Second, since gold acts as a stand-alone asset that is not another’s liability, it functioned as an effective store of value prior to 1933 for those who either converted a portion of their capital to gold bullion or withdrew their savings from the banking system in the form of gold coins before the crisis struck. Those who did not have gold as part of their savings plan found themselves at the mercy of events when the stock market crashed and the banks closed their doors (many of which had already been bankrupted).

How gold might react in a deflation under today’s fiat money system is a more complicated scenario. Even deflation under a fiat money system, the general price level would be falling by definition. Economists who make the deflationary argument within the context of a fiat money economy usually use the analogy of the central bank “pushing on a string.” It wants to inflate, but no matter how hard it tries the public refuses to borrow and spend. (If this all sounds familiar, it should. This is precisely the situation in which the Federal Reserve finds itself today.) In the end, so goes the deflationist argument, the central bank fails in its efforts and the economy rolls over from recession to a full-blown deflationary depression.

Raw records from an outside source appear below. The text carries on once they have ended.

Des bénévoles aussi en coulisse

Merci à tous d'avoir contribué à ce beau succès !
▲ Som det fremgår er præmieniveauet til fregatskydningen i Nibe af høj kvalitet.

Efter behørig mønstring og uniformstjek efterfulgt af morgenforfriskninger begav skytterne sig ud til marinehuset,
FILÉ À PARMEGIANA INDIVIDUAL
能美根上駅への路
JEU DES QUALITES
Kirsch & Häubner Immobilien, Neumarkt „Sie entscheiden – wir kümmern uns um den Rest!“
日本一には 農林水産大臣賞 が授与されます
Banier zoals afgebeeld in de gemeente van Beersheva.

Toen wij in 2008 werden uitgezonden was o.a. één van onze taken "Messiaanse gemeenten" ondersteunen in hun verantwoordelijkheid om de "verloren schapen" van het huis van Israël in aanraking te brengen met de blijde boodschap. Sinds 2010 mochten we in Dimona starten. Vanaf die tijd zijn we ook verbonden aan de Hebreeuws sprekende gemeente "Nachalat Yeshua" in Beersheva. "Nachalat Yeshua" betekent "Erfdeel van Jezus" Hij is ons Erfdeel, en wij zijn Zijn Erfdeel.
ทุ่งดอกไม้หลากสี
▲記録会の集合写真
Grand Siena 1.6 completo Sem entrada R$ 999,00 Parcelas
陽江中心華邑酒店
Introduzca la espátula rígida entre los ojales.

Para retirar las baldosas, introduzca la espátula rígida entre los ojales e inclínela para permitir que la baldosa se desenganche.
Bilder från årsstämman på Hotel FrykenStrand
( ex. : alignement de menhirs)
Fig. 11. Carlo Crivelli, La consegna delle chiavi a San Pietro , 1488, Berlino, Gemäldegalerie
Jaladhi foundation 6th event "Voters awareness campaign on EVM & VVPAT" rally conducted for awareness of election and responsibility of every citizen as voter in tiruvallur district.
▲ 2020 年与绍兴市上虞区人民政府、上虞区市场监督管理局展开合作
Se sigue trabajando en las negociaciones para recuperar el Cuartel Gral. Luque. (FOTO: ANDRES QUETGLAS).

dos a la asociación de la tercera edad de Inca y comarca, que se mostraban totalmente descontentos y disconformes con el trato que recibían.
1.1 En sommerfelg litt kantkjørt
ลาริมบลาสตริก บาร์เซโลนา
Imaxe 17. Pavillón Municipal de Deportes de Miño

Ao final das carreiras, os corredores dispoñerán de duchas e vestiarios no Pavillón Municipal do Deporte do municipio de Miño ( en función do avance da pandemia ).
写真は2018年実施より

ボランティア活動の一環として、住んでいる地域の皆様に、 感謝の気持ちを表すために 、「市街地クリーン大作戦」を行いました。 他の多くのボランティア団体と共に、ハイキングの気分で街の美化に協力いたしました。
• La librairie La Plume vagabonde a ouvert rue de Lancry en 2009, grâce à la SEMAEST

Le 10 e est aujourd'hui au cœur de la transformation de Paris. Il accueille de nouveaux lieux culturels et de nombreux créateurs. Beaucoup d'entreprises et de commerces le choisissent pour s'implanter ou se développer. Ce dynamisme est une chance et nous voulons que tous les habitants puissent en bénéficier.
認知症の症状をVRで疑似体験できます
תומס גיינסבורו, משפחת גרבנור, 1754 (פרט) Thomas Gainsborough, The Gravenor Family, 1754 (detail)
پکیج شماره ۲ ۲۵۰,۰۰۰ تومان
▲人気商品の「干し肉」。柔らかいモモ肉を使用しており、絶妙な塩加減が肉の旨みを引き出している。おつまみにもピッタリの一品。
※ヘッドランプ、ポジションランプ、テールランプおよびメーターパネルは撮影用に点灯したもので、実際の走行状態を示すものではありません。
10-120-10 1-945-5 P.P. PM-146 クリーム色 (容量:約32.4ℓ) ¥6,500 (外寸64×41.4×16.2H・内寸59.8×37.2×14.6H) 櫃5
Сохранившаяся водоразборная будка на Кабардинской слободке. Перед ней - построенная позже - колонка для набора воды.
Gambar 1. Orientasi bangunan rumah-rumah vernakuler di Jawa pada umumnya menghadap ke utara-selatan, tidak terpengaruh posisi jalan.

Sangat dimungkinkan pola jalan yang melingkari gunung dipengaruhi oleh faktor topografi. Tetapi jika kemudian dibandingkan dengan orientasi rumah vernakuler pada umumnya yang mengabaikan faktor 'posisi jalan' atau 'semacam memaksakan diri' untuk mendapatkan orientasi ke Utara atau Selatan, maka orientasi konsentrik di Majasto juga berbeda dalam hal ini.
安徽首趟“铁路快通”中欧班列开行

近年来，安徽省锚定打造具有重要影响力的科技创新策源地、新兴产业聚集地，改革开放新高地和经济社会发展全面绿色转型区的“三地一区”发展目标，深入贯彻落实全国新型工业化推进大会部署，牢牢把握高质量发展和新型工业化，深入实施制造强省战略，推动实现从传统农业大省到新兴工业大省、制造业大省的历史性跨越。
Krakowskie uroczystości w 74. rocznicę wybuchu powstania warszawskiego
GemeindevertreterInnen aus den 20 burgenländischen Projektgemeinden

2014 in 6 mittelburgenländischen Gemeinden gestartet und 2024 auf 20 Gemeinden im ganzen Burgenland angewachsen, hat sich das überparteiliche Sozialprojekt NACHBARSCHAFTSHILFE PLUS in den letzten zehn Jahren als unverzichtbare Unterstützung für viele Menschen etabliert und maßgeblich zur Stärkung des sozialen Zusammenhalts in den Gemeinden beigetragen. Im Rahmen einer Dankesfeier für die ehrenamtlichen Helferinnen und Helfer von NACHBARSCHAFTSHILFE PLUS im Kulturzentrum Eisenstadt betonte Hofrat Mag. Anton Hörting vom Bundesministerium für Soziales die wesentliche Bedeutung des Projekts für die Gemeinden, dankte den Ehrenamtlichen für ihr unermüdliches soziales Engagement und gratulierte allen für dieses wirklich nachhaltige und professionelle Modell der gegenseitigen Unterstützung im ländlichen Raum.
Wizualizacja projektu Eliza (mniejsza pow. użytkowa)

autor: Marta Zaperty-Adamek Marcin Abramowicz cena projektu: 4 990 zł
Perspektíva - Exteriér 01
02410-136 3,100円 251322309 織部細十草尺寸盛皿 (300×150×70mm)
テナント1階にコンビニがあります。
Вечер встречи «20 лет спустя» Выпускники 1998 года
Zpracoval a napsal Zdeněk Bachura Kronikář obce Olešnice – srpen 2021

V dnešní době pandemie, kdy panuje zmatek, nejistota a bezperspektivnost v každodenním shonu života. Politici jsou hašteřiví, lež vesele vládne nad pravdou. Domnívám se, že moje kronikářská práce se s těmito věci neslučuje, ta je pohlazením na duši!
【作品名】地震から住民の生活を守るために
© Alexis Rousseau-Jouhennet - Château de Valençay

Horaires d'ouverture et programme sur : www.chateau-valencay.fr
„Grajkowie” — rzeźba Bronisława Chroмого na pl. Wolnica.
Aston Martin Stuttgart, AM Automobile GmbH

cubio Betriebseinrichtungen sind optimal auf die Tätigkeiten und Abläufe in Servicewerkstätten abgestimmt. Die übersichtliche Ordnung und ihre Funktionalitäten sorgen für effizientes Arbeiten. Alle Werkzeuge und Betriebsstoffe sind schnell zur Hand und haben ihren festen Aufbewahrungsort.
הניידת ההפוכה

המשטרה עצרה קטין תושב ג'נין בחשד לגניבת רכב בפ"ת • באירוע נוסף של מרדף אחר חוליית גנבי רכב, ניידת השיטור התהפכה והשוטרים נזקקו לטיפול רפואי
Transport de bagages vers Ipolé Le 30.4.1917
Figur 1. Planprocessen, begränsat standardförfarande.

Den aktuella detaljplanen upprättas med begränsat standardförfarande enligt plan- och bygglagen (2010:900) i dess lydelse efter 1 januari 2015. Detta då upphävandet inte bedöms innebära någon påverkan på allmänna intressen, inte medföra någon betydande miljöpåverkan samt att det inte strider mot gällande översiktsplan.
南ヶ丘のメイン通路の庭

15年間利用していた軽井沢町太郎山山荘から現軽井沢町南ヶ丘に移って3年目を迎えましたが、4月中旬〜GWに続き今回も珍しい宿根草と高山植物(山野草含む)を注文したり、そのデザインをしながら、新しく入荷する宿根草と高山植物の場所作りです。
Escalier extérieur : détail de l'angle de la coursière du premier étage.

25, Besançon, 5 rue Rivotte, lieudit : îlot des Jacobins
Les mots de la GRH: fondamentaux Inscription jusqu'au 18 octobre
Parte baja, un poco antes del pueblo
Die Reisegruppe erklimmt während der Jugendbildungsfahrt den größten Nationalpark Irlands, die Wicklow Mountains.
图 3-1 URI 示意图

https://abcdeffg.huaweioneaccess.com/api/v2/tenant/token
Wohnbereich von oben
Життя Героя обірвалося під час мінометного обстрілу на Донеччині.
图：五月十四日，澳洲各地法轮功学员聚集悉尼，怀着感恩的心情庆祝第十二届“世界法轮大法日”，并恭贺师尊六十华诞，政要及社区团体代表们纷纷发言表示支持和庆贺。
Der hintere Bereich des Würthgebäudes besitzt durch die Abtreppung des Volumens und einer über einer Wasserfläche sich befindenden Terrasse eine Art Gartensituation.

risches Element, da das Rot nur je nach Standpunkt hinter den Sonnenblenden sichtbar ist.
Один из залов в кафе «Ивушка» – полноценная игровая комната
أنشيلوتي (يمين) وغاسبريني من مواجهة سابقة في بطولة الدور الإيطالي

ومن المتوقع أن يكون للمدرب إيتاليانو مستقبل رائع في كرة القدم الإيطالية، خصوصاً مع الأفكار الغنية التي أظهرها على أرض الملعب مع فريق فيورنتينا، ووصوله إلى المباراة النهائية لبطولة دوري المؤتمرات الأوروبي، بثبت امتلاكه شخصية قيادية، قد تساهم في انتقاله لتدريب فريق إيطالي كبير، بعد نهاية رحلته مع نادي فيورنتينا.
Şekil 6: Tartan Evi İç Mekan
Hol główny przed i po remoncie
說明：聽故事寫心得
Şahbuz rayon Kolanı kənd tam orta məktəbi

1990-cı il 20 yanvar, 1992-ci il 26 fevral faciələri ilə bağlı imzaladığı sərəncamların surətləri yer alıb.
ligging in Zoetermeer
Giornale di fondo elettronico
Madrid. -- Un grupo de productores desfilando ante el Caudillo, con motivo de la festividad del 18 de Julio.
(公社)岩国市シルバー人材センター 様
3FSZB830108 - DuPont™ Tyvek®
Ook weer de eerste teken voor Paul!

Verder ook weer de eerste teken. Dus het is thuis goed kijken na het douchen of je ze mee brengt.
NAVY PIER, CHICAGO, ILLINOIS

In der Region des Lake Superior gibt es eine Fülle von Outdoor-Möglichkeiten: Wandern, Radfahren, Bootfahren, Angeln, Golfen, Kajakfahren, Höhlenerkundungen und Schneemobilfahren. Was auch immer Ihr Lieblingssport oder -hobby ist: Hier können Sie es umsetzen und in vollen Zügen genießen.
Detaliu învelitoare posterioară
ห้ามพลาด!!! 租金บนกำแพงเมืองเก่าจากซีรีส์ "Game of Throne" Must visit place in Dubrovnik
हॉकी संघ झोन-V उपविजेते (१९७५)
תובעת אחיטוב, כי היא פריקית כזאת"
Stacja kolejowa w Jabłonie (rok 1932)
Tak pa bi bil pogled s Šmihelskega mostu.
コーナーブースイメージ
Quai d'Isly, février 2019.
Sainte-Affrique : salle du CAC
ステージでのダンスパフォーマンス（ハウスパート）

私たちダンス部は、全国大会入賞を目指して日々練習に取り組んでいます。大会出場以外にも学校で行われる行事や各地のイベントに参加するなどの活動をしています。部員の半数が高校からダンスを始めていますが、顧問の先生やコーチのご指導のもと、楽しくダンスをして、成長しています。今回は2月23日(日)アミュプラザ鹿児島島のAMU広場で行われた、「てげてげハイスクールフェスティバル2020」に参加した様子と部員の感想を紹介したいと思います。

How the government treats gold under a deflationary scenario will play heavily into its performance:

– If gold is subjected to price controls and restricted ownership, as it was in the 1930s deflation, it would likely perform as it did then, i.e., its purchasing power would increase as the price level fell. Under such circumstances, the ownership of “rare and unusual” gold coins might once again come into play.

– If ownership is not restricted, it would turn out to be the best of all possible worlds for gold owners. Its purchasing power would increase as the price level fell, and the price itself could rise as a result of increased demand from investors hedging systemic risks and financial market instability.

Note: That, by the way, is the primary reason governments tend to restrict gold ownership when confronted with widespread bank runs and failing financial markets. Governments seize gold not because they need the money; they seize it to cut off the escape route and force capital flows back into banks and financial markets. As an aside, that is precisely the reason why governments have an interest in controlling the price of gold. Former Fed chairman Paul Volcker, it has been copiously reported, once said, “Gold is my enemy. I’m always watching what it is doing.” Though there is no direct evidence I know of that the Fed or Treasury Department intervened directly in the gold market during Mr. Volcker’s tenure, his statement does reflect the acute interest in gold on the part of monetary policy-makers. Alan Greenspan voiced a similar interest in gold throughout his Fed chairmanship and still does today, though unlike Volcker he has always defended gold and expressed an appreciation for its use as a form of money or final payment or reconciliation. Gold, in the end, is not just competition for the dollar; it is competition for bank deposits, stocks and bonds most particularly during times of economic stress — and that is the source of enduring interest among policy-makers.